Problem to work on:
Pictures are to be left out, and only the lines below starting at the one with "Table Skirt |" and ending at the one with "The results showed" are to be reproduced, each exactly, both ends included.

Records for the exercise:
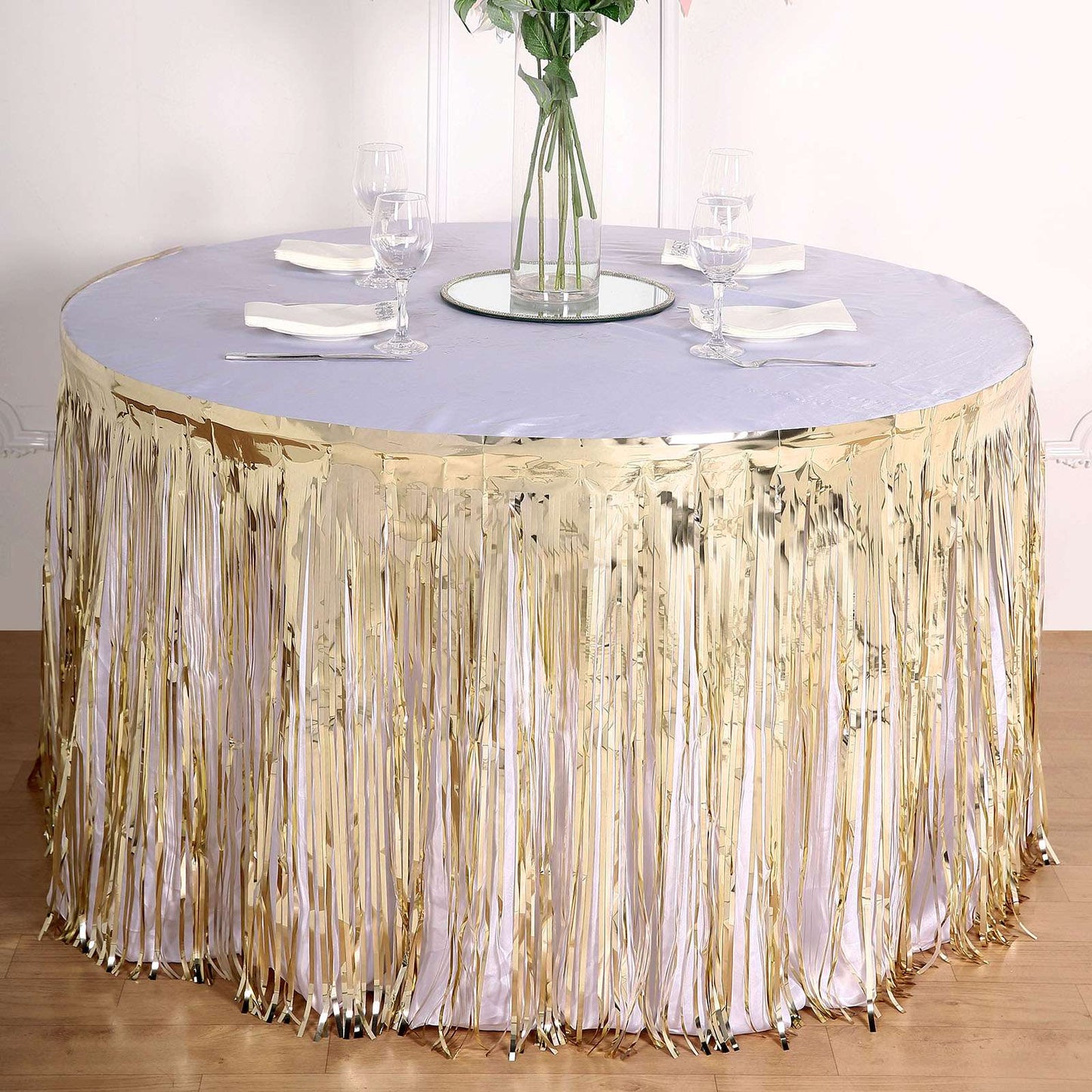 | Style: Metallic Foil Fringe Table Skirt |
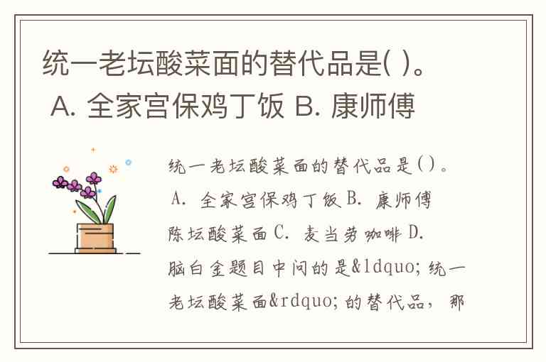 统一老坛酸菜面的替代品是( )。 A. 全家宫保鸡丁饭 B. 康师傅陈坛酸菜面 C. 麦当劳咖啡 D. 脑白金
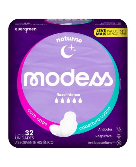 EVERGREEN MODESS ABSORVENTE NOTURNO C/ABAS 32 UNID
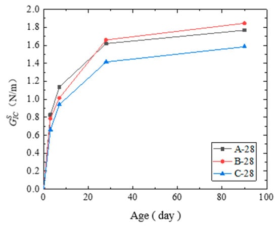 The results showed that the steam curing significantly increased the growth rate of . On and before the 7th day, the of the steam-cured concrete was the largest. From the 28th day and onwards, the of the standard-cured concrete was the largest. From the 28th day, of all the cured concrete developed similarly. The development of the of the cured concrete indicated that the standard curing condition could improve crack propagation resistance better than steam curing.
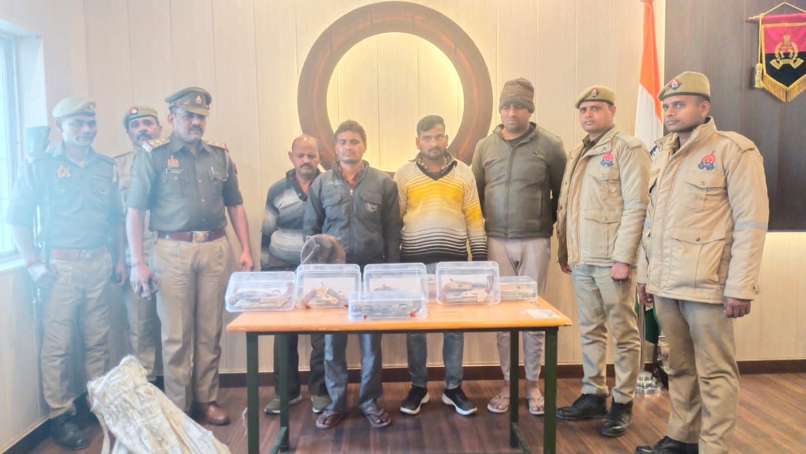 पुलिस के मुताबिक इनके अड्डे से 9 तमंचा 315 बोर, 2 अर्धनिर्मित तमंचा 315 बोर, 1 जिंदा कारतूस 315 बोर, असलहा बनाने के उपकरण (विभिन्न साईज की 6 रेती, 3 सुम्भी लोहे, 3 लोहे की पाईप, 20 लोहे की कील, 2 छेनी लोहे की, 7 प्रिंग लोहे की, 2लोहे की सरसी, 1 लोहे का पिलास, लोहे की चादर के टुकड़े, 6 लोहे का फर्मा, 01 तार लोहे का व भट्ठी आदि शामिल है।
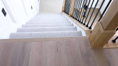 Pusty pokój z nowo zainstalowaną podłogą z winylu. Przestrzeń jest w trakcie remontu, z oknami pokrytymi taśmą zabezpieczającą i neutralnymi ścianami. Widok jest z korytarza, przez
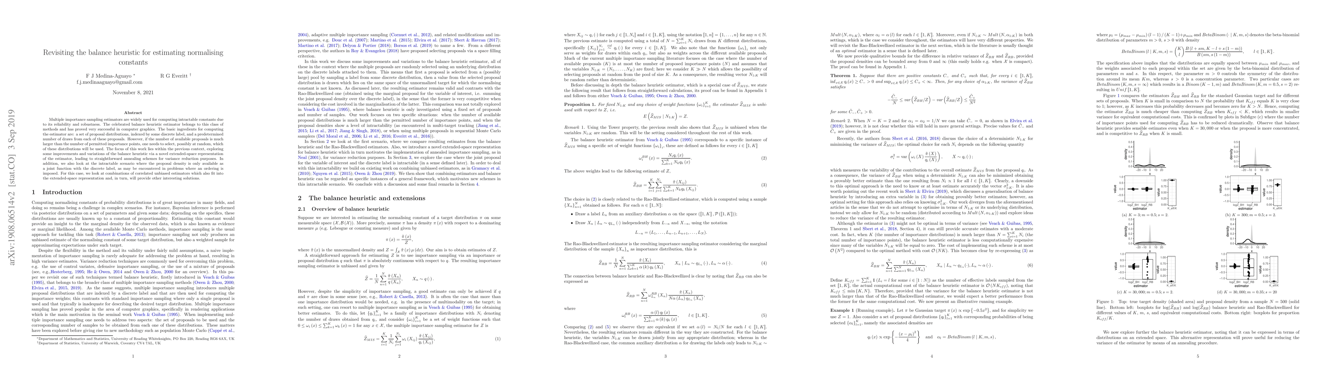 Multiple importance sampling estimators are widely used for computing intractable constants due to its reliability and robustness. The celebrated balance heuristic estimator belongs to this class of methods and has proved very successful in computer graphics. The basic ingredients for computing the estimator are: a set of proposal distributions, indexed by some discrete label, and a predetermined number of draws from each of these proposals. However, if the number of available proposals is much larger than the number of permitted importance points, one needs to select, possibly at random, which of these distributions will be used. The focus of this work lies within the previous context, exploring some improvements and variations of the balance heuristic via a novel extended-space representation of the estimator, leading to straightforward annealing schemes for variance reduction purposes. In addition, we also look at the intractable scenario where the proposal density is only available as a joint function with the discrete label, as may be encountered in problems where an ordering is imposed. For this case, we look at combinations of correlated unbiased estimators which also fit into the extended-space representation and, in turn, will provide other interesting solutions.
---
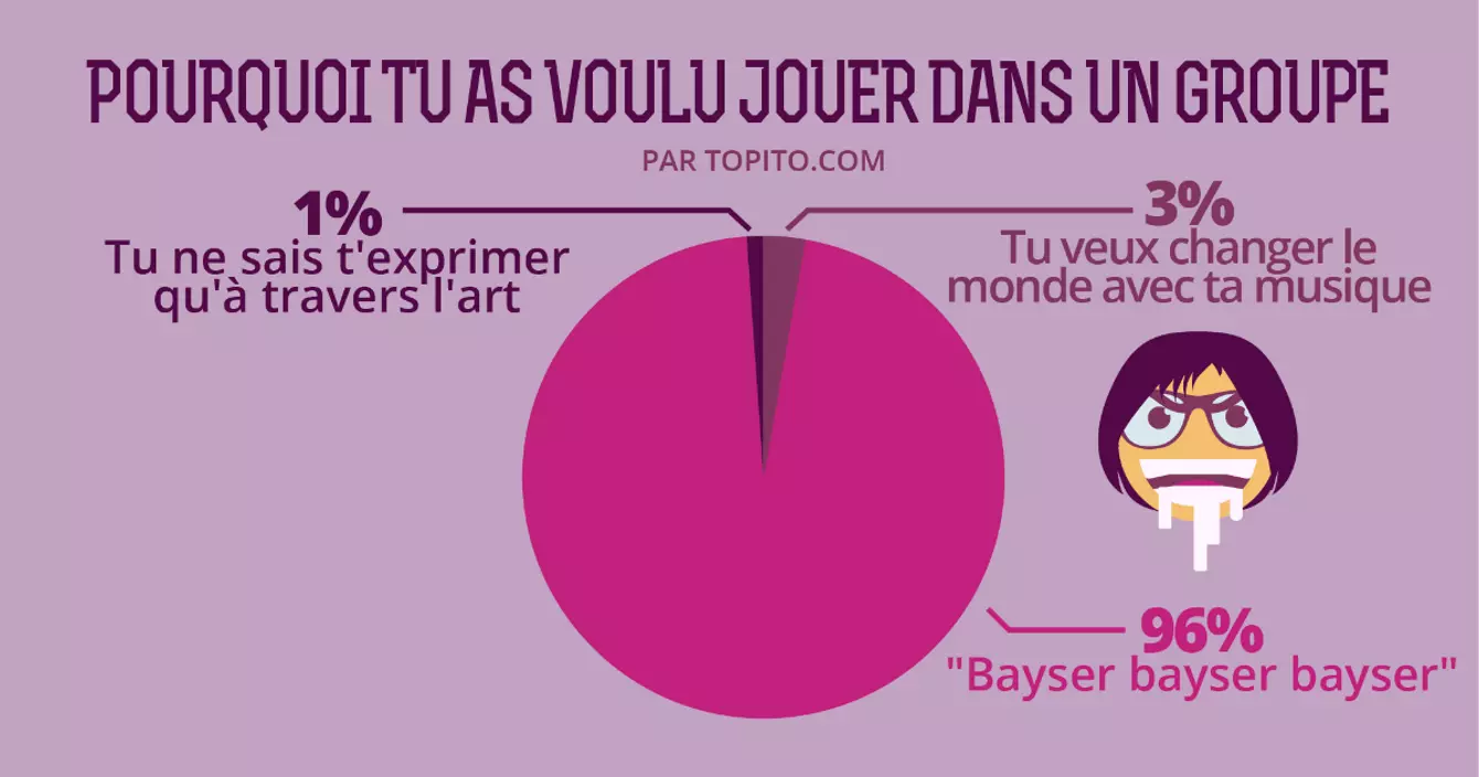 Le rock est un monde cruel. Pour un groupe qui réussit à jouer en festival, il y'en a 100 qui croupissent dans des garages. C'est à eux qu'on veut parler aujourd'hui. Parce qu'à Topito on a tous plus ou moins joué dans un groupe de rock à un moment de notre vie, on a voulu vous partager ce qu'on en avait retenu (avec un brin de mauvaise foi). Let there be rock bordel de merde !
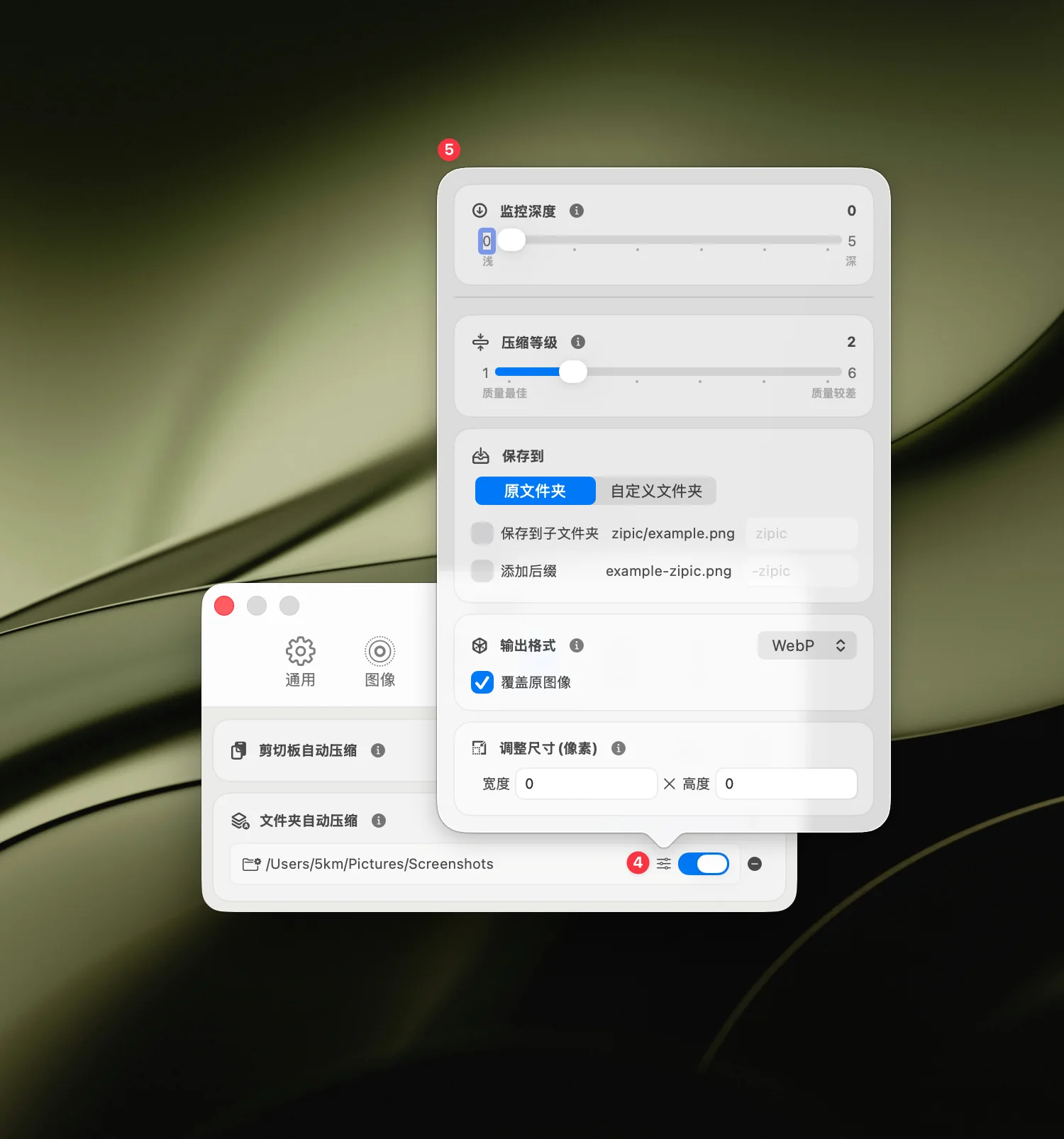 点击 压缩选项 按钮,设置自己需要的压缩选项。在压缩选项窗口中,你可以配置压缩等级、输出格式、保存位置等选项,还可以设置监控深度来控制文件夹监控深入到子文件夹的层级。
==
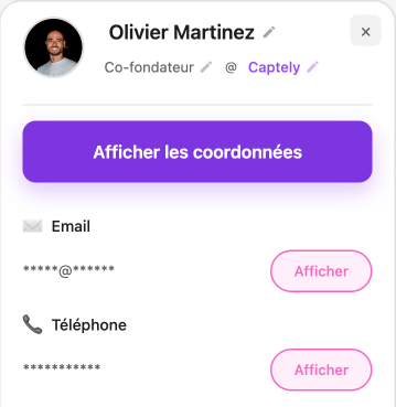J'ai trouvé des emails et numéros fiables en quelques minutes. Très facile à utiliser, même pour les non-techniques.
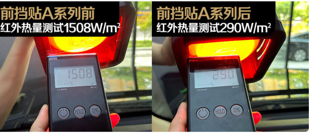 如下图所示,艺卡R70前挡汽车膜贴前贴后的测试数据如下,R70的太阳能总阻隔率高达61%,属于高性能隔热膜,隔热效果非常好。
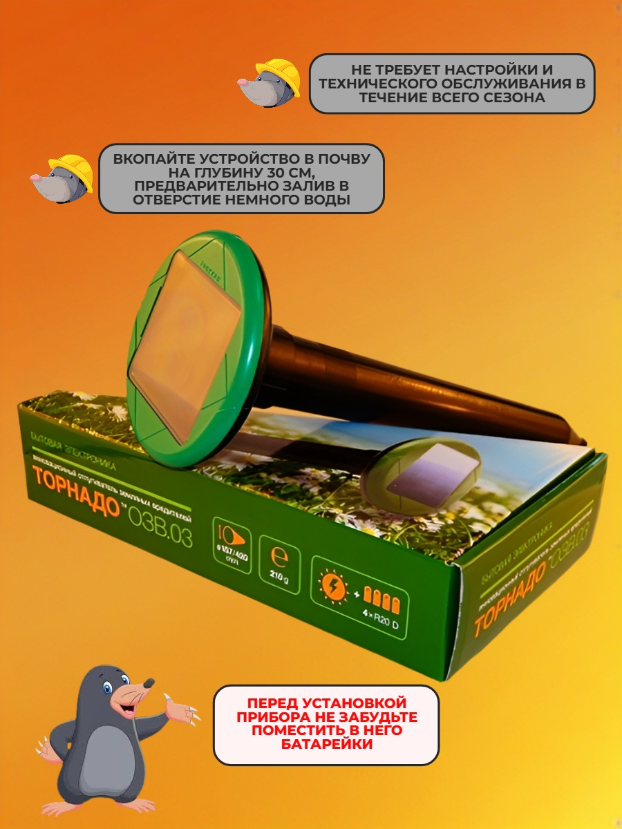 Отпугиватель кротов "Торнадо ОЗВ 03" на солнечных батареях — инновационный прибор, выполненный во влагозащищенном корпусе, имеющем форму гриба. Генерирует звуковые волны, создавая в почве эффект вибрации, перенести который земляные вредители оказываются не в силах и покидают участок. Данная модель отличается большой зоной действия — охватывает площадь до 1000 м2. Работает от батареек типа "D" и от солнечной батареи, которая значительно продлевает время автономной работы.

Response for this exercise:
 | Style: Metallic Foil Fringe Table Skirt |
 统一老坛酸菜面的替代品是( )。 A. 全家宫保鸡丁饭 B. 康师傅陈坛酸菜面 C. 麦当劳咖啡 D. 脑白金
 EVERGREEN MODESS ABSORVENTE NOTURNO C/ABAS 32 UNID
 The results showed that the steam curing significantly increased the growth rate of . On and before the 7th day, the of the steam-cured concrete was the largest. From the 28th day and onwards, the of the standard-cured concrete was the largest. From the 28th day, of all the cured concrete developed similarly. The development of the of the cured concrete indicated that the standard curing condition could improve crack propagation resistance better than steam curing.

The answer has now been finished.